● **Exercise data**:
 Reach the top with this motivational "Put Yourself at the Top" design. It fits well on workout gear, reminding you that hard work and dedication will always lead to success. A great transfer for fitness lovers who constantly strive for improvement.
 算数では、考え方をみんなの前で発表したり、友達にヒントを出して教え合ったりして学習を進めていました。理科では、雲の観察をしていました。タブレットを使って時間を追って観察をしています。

--

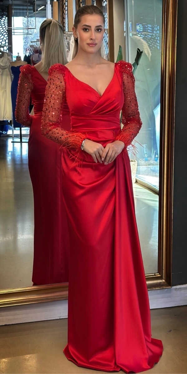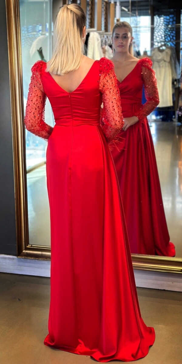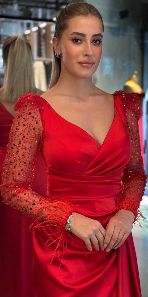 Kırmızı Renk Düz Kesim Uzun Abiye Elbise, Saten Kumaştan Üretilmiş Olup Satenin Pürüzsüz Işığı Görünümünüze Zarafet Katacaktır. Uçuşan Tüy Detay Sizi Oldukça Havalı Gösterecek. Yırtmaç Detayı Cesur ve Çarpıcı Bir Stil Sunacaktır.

● **Task to complete**: Start with the line above that contains "Reach the top" and end with the line that contains "算数では、考え方をみんなの前". Write out those lines exactly, and only those.

● **Response to this exercise**:
 Reach the top with this motivational "Put Yourself at the Top" design. It fits well on workout gear, reminding you that hard work and dedication will always lead to success. A great transfer for fitness lovers who constantly strive for improvement.
 算数では、考え方をみんなの前で発表したり、友達にヒントを出して教え合ったりして学習を進めていました。理科では、雲の観察をしていました。タブレットを使って時間を追って観察をしています。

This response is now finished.